● THE TASK
The reply must contain exactly the lines below from the one with "Anlässlich des 20." down to the one with "watching Marie Menken’s", both included, and nothing more; please omit the pictures.

● DATA SHOWN
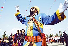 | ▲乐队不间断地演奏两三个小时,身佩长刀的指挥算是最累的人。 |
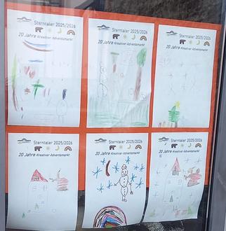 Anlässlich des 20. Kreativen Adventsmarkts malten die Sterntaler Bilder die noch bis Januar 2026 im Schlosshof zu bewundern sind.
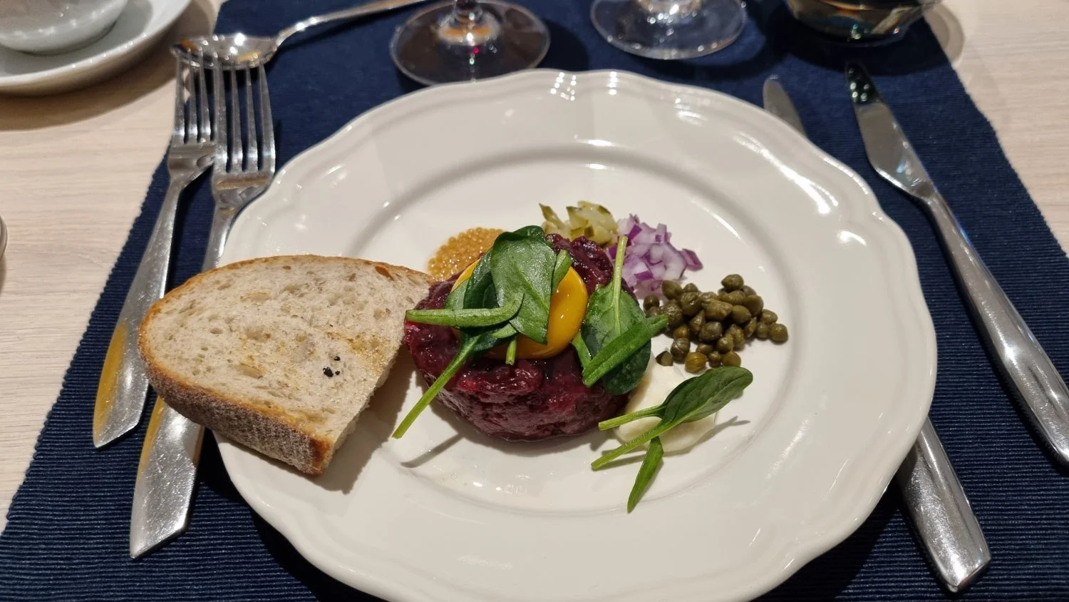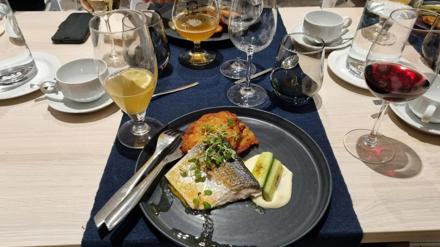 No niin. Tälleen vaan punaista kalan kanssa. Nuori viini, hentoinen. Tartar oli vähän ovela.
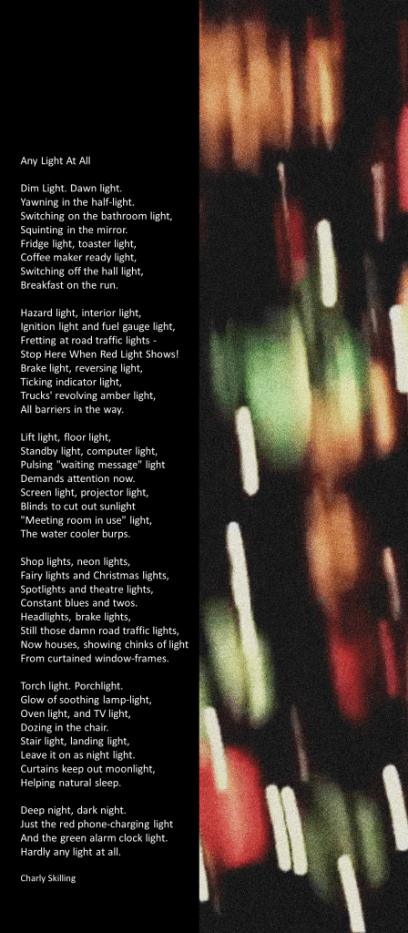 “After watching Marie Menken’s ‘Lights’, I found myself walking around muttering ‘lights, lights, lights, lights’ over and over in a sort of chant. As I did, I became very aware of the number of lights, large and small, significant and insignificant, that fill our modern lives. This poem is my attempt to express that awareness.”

--

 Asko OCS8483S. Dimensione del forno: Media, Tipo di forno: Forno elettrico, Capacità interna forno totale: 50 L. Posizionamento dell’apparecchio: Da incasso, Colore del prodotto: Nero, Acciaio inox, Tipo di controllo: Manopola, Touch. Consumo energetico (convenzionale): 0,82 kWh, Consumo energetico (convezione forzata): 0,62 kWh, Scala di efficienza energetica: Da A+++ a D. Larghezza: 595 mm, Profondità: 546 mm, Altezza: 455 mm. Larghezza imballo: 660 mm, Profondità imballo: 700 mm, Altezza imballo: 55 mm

● ANSWER TO THIS PROBLEM
 Anlässlich des 20. Kreativen Adventsmarkts malten die Sterntaler Bilder die noch bis Januar 2026 im Schlosshof zu bewundern sind.
 No niin. Tälleen vaan punaista kalan kanssa. Nuori viini, hentoinen. Tartar oli vähän ovela.
 “After watching Marie Menken’s ‘Lights’, I found myself walking around muttering ‘lights, lights, lights, lights’ over and over in a sort of chant. As I did, I became very aware of the number of lights, large and small, significant and insignificant, that fill our modern lives. This poem is my attempt to express that awareness.”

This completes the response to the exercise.